### Brief
Output only the stretch of the listing that starts at the line containing "Consolle in legno" and ends at the line containing "This came during", reproduced exactly with both ends.

### Dataset excerpts
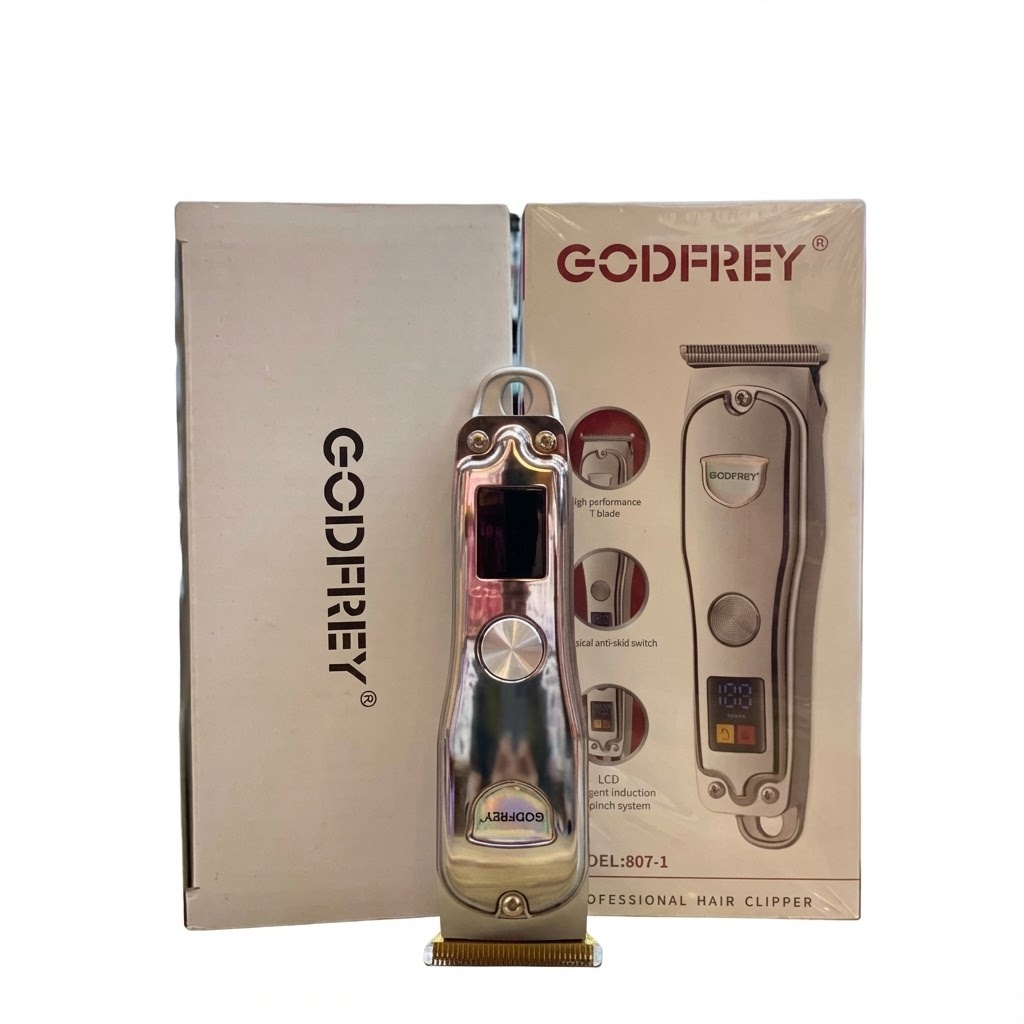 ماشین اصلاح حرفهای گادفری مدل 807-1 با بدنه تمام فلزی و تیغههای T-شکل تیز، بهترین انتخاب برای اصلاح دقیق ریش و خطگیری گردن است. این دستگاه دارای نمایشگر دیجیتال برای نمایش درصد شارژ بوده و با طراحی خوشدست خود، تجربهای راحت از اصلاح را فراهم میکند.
* * *
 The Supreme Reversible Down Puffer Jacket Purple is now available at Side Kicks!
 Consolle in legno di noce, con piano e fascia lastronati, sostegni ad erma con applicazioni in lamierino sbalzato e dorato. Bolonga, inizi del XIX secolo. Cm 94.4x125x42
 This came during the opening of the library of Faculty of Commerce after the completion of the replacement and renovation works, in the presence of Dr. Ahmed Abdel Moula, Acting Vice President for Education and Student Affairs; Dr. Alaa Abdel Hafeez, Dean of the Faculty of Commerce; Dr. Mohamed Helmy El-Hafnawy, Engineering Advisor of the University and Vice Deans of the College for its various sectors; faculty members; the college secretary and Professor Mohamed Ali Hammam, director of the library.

### Your response
 Consolle in legno di noce, con piano e fascia lastronati, sostegni ad erma con applicazioni in lamierino sbalzato e dorato. Bolonga, inizi del XIX secolo. Cm 94.4x125x42
 This came during the opening of the library of Faculty of Commerce after the completion of the replacement and renovation works, in the presence of Dr. Ahmed Abdel Moula, Acting Vice President for Education and Student Affairs; Dr. Alaa Abdel Hafeez, Dean of the Faculty of Commerce; Dr. Mohamed Helmy El-Hafnawy, Engineering Advisor of the University and Vice Deans of the College for its various sectors; faculty members; the college secretary and Professor Mohamed Ali Hammam, director of the library.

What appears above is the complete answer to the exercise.